---------- MATERIAL FOR THIS EXERCISE
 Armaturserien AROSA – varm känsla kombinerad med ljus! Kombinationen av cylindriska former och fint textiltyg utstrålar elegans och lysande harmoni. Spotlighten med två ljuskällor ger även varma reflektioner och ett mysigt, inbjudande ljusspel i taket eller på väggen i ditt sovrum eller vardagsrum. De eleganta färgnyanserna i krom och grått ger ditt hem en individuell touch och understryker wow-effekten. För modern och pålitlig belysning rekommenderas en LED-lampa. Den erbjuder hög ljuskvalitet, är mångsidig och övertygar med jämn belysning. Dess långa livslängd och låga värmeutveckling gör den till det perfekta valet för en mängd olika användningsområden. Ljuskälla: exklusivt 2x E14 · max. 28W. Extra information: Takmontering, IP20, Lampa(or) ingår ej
--------------------
---------- MATERIAL FOR THIS EXERCISE
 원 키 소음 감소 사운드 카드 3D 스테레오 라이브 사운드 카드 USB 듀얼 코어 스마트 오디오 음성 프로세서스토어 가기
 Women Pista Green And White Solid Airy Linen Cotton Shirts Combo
--------------------
WORK INSTRUCTIONS:
Using the entries above, return exactly the lines from the line with "원 키 소음 감소 사운드" to the line with "Women Pista Green", counting both of those lines.

TASK ANSWER:
 원 키 소음 감소 사운드 카드 3D 스테레오 라이브 사운드 카드 USB 듀얼 코어 스마트 오디오 음성 프로세서스토어 가기
 Women Pista Green And White Solid Airy Linen Cotton Shirts Combo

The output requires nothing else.